In our book Cities of the Future, we explored the connections between urban water quality, hydrology, and broader aspects of urban land use planning. We concluded, as others have, that there would need to be fundamental changes in order to get to what Vladimir has characterized as the “fifth paradigm” of urban water management.  As suggested, the previous four have a few things in common. They look at water as either a resource to be utilized for potable, commercial, and waste disposal purposes, or a nuisance and threat to be protected against.  Centuries of engineered systems have been designed to move water rapidly from where it is to where it’s needed, and from where it’s not wanted to someplace else.

We address the need for fundamental change in our Preface to Cities of the Future:

The fifth paradigm of urban water management . . . adopts a holistic, systems approach to the urban watershed, rather than a functionally discrete focus on individual components (drinking water, sewage, stormwater) characteristic of earlier models.

[In] this fifth paradigm . . . all the components of water supply, stormwater, and wastewater will be managed in a closed loop.

One of the goals of the fifth paradigm is to develop an urban landscape that mimics but not necessarily reproduces the processes and structures present in a predevelopment natural system… (H)ydrological mimicry . . . relying on reduction of imperviousness, increased infiltration, surface storage and use of plants that retain water . . . interconnected green [spaces] . . . around urban water resources . . . (and) storage-oriented drainage with less reliance on underground conduits and more surface storage, infiltration and flow retardation.

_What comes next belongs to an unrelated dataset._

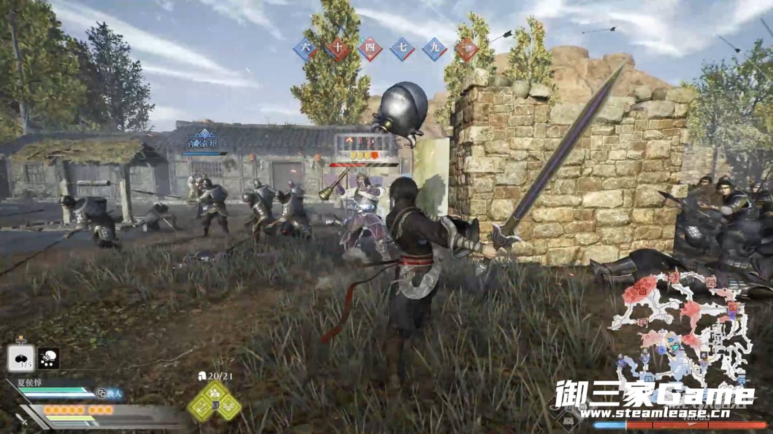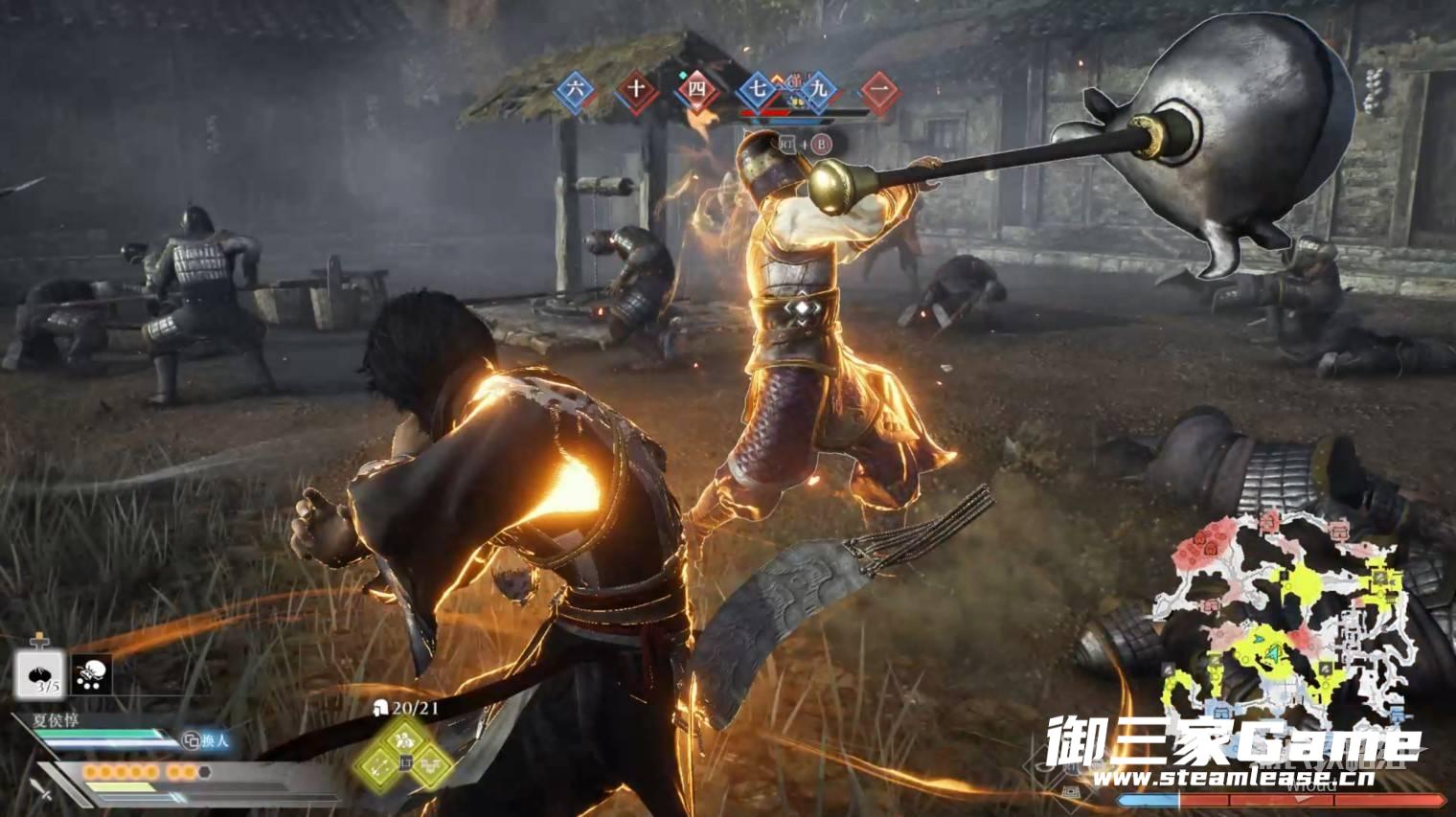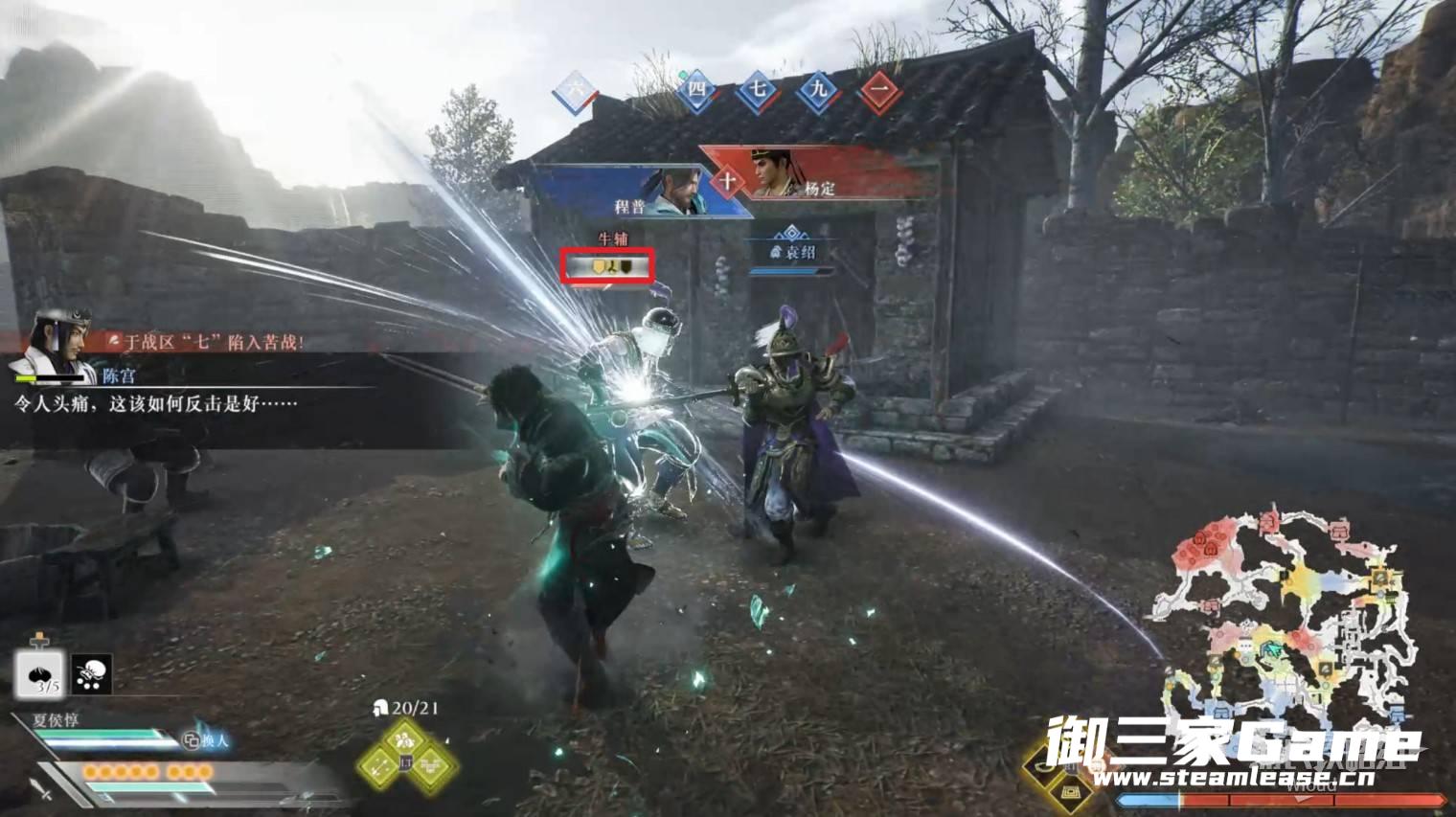 敌人的武将血条上会有盾牌样式的外功量表,类似于其他游戏里的韧性槽,通过攻击可以削减敌人的外功量表。
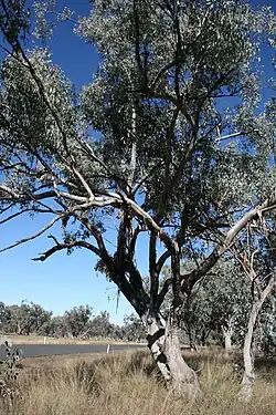 It is associated with inland grey box, fuzzy box (E. conica), yellow box (E. melliodora), Pilliga grey box (E. pilligaensis), red ironbark (E. sideroxylon), narrow-leaved ironbark (E. crebra), Blakely's red gum (E. blakelyi), apple species (Angophora), black cypress (Callitris endlicheri), white cypress (Callitris glaucophylla), kurrajong (Brachychiton populneus) and wattles (Acacia) species.[4]

Progress in the direction of Vladimir’s fifth paradigm will require fully coordinated management of water and land in a manner that has few precedents.  Instead of a system that provides water, sewer, and drainage to individual parcels of land, we will be designing an urban landscape that utilizes integrated systems of plumbing and land use to reduce the need for more pipes, pumps, and treatment plants, as well as the imported water to fill them. More importantly, design objectives will be different as well – transitioning from the utilization of natural resources to fuel urban development towards managing urban development to preserve natural systems for growth and renewal.  When we examine the process of land-use planning and development, the prospects for this kind of radical redesign of the urban landscape present some challenges.